By Natalie Borghi
Through the use of primary and secondary sources over the past five weeks, I’ve gained an extensive insight into the issue of gender equality in the Australian workplace. This included the use of articles, scholarly sources, images and interviews with individuals between 18-24 years.
Choosing A Social Media Platform
The next stage of research required collecting and analysing data from one social media platform, in which I have chosen Twitter. Used as a social networking site, Twitter allows users to send short messages, known as “tweets,” within 140 characters. Tweets can either be just text, incorporate “hashtags,” or link to external sites, which can also be “re-tweeted” by other users.
I chose Twitter for two reasons; Firstly, the site was originally used by a ‘younger’ audience, however in recent times, the audience has broadened as more businesses have started using it as a promotional platform. Secondly, through the use of hashtags and text-based posts, it’s relatively easy to find trends surrounding current issues.
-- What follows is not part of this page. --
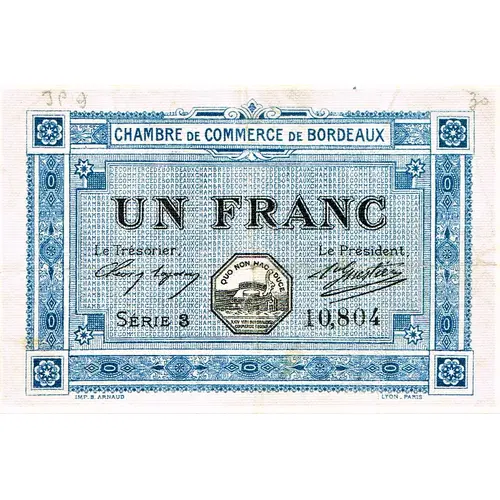 | Obverse lettering | CHAMBRE DE COMMERCE DE BORDEAUX UN FRANC Le Trésorier Le Président Série 3 10,804 IMP B.ARNAUD LYON_PARIS |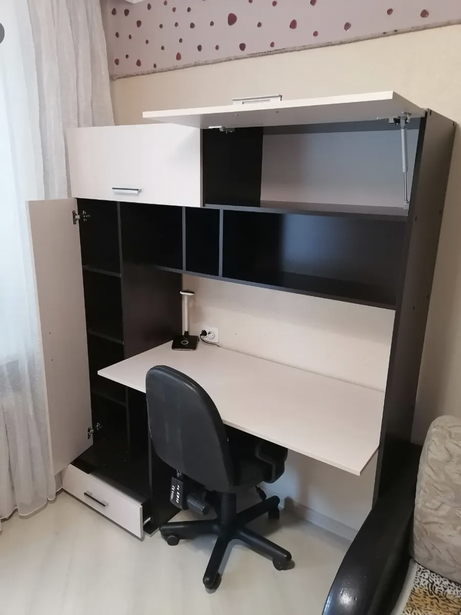 Стол оборудован двумя ящиками с роликовыми направляющими, что обеспечивает плавное и бесшумное открывание. Газлифты в антресолях с открыванием вверх позволяют удобно хранить мелкие предметы.

Utilising the software, Twitter Archiver, I was able to custom search Twitter for specific tweets, which were then displayed on a Google Docs page. Information such as the person’s username, their tweet’s content, the device they tweeted from, retweets and location are listed, allowing for thorough data analysis.
Creating a Twitter Rule
When setting up a search, Twitter Archiver allows for key words, hashtags, usernames or locations to be selected to narrow down searches. Looking into gender equality and the pay gap within the Australian workplace, I conducted multiple searches interchanging words between “gender pay gap,” “women,” “fair,” “confidence,” “workplace,” and “Australia.” I set the language to English and removed any “retweets.”
A broad selection of tweets were produced, from opinions, statistics, quotes and company promotions, such as the following:
https://twitter.com/churchofwulf/status/746507610099060736?lang=en (need to reference)
However, I found the more specific I got, the harder it was to find results. Each search only produced approximately five tweets. This led me to more simplified searches such as “#genderequality” or “pay gap.” I thought it’d be interesting to observe and compare how Australia uses these terms, so I conducted multiple searches located in each Capital City of Australia.
Using pie charts, I’ve visualised my findings through the four categories I observed earlier, opinions, facts, quotes, and promotions.
As Twitter is generally about thought sharing, it wasn’t too surprising that majority of my findings were opinions, however I did find it interesting noticing the varied amounts of facts, quotes and promotions that were also present. I found Sydney and Melbourne produced the most tweets for each search, compared to other cities, who either produced little to no results, as evident in the ‘#genderequality’ results. If there weren’t any results, I did not include a chart for that city. The lack of results could be for a couple of reasons; either tweets within those areas haven’t been location set, or these topics aren’t tweeted about. However I believe it’s more of the former.
Overall, I found this to be an insightful exercise. Compared to the image and text results of a general twitter search, it was especially useful using Twitter Archiver, which provided a list of text-only results. There were multiple possibilities for how the information could be analysed, however by observing how these key words are used across Australia helps to indicate which states are more actively involved in the issue.